The evolution of incident response at Podia

Over the years, Podia has gone from having no incident response processes to a more structured system of on-call shifts and supportive tooling. You might be thinking of embarking on the same journey, or be confused why any developer would embrace the responsibility of on-call shifts, or wonder how you can introduce it without pissing off your entire team.

Here’s how I did it.

Life without on-call

It’s blissful, right? No late-night phone calls. No need to remember your laptop or modify your plans. Nothing ever goes wrong. The app never goes down, your providers never fail, deploys never break anything, and customers are never impacted.

I mean, that’s what you think happens but ignorance doesn’t make it true. And this is not the reality we lived under.

In the earliest days, we had no monitoring at all which is where all projects start out. Pretty soon though I added Rollbar to start tracking exceptions that happened in production and pipe those notifications into Slack. And then we noticed the app might be briefly unresponsive at times so we added a simple uptime checker (UptimeRobot) to tell us if the app stopped responding.

Back in the early days when Podia had just one, two, or three or four full-time developers we didn’t have any defined processes for handling these notifications. Instead, our typical daily routine for each of us went something like this: wake up, check Slack for errors (because of cause of it was on our phones), have breakfast, check Slack for errors, do some work whilst checking Slack for errors, run some errands whilst checking Slack for errors…

Having every developer poll Slack for news about problems is not very efficient and over the long-term it led to a lot of internalised stress and apprehension.
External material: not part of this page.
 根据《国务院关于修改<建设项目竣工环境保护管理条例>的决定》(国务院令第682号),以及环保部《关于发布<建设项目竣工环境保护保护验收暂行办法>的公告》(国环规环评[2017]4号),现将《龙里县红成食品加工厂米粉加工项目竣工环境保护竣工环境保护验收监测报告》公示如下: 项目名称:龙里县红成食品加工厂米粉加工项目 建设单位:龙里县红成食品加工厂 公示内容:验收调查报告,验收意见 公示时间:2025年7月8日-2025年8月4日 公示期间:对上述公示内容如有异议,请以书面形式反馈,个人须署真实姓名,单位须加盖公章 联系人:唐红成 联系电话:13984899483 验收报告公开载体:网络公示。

When we were constantly logging into Slack, especially during those moments of personal time when we’re supposed to be resting, it quickly developed into a neurotic pattern of behaviour.

I remember being in town one Saturday with the family and a checked Slack out of habit as I was walking down the street. There I saw a ton of errors for, I think, our background jobs being killed due to OutOfMemory errors. Since I was about an hour from home, without a laptop, and supposed to be enjoying an afternoon with the family, there wasn’t much I could do about the problem. Luckily, Jason had woken up in Tennessee, saw the messages and was able to resolve the issue.
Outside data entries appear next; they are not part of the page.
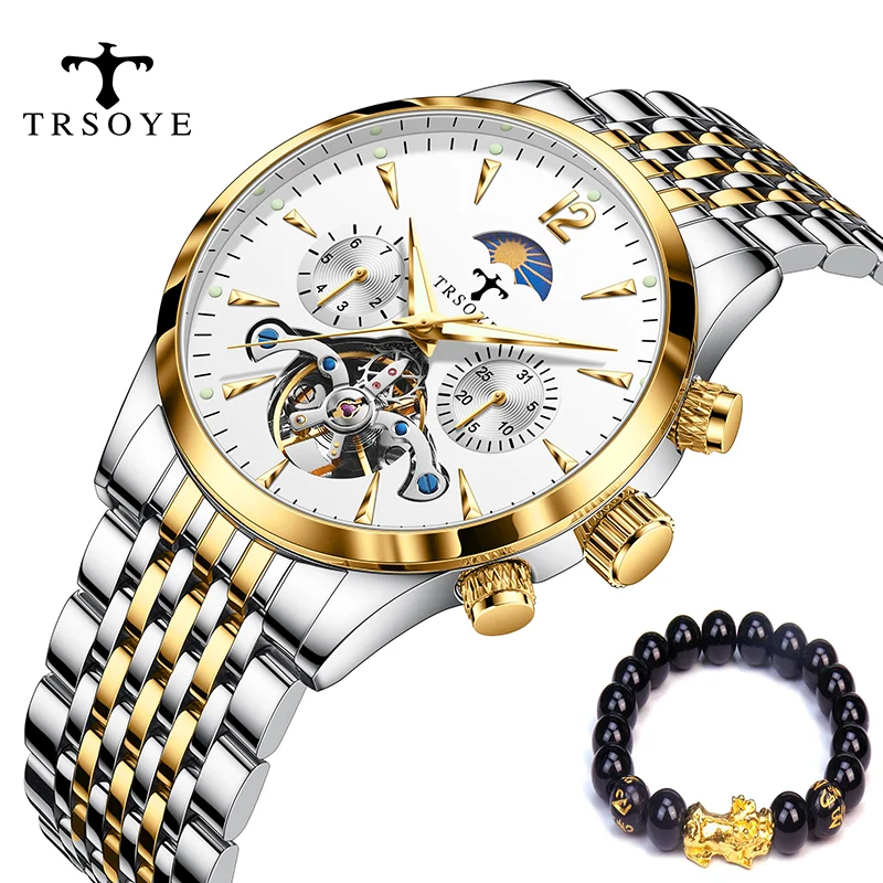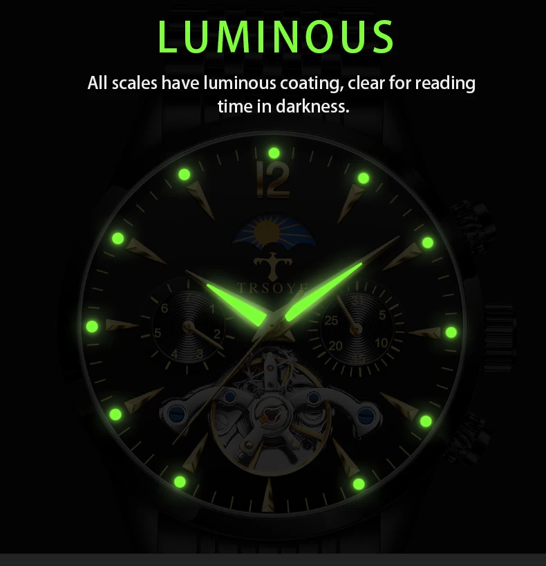 TRSOYE Full Stainless Steel Luminous Automatic Waterproof Watch For Men Tourbillon Gifts for boyfriend Bracelet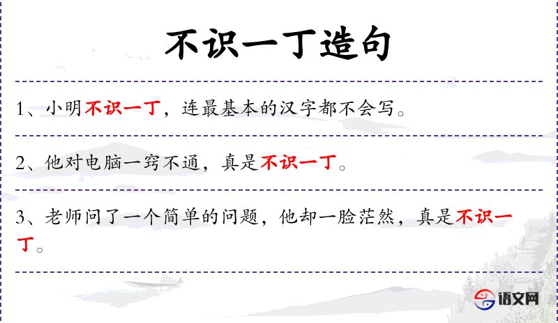 - 不识一丁:这个成语来源于《左传·僖公二十四年》,原意是指不认识一个字,比喻知识极其浅*。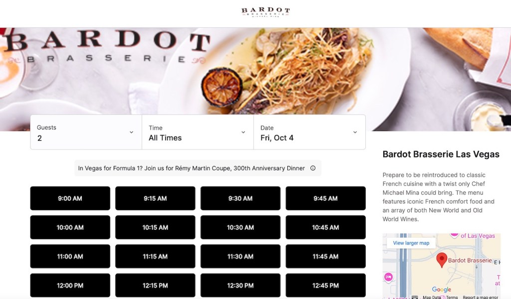 It was pretty easy to get a booking at Bardot Brasserie. After accessing the Aria Resort and Casino website, I was able to select a time using the reservations systems operated under “Seven Rooms”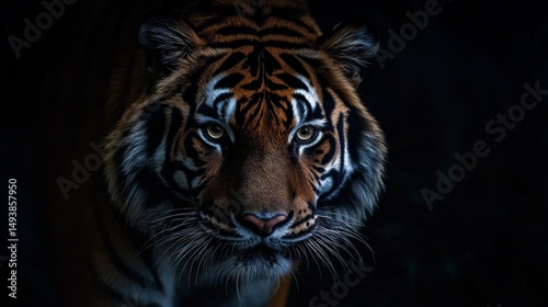 © nikomsolftwaer, Naklejka premium Tiger's sharp eyes glowing in the dark jungle night wildlife photography mysterious environment close-up alertness and beauty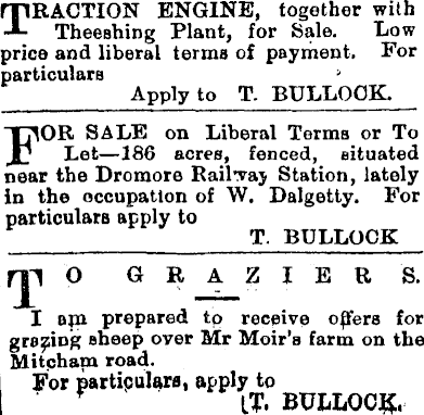 Traction engine, together with Theeahing Plant, for Sale. Low price and liberal terma of payment. For particulara 1 Apply to T. BULLOCK. OR SALE on Liberal Terma or To Let—lß6 acres, fenced, situated near the Dromore Railway Station, lately 1 in the occupation of W. Dalgetty. For I'o GRAZIERS. I ora prepared to receive offers for gracing sheep over Mr Moir’s farm on the Mitcham road. particulars apply to T. BULLOCK For particulars, apply to IT. BULLOCR.
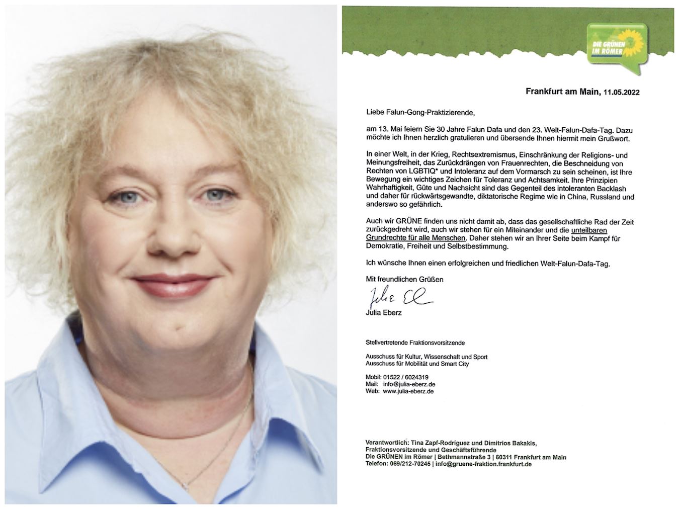 法兰克福市议会议员朱莉娅·埃伯兹(Julia Eberz)祝贺世界法轮大法日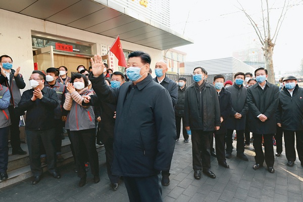 2020年2月10日,中共中央總書記、國家主席、中央軍委主席習(xí)近平在北京調(diào)研指導(dǎo)新冠肺炎疫情防控工作。這是習(xí)近平來到朝陽區(qū)安貞街道安華里社區(qū),了解基層一線疫情聯(lián)防聯(lián)控情況。 新華社記者 鞠鵬/攝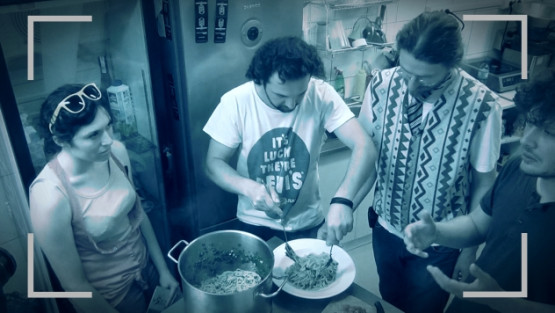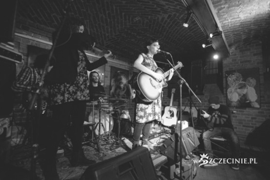 Piwnica teatru Kana. Na ścianach wystawa prac studentów Wyższej Szkoły Użytkowej. Cicha i spokojna muzyka "do pogadania".

We were lucky because we didn’t have many users at the time and they weren’t actively using the platform at all times of the day and week. But that was changing fast…

Introducing on-call

I knew we needed an on-call system but I was also extremely wary of it becoming an exploitative system that the developers would come to resent.

In the 20 years of my career, I’d never had to be on-call for a system. I mostly worked in research or enterprise apps, and briefly in a Level 3 Support role, but if you’d asked me I’d have said that being on-call was for the IT staff. I also, frankly, would never have cared enough about those jobs or trusted any of the companies I worked for to manage the on-call shifts in a responsible manner. The web has changed all that. In particular, the global reach of our apps means we have a never-off cycle of traffic that cannot be confined to any normal business hours. Things will go wrong when we are asleep and they will impact our users.

I used these principles when designing our on-call system, though most flow from the first:

Minimise the impact on our personal lives
Being on-call should be as low-stress as possible
Restrict the number of things that can trigger an incident
Have reasonable expectations on response times etc
The whole team has responsibility for maintaining the app so we will work as a team on-call

How often?

First, I needed to decide on the shift structure for the team. The most popular rotation schedules are either weekly (on-call for 7 days), daily (on-call for 24 hours), or something more sophisticated like follow-the-sun or business-hours/out-of-hours cover. For me, the only reasonable choice was between weekly or daily.

Weekly schedules have the advantage that they don’t come around too often. With just four of us, you’d only be on-call for 1 week in every 4. The downside though is that you’re going to be carrying your laptop around for a whole week and that’s very disruptive. Selfishly, it would have meant that I couldn’t swim for an entire week and that was a major disadvantage to me.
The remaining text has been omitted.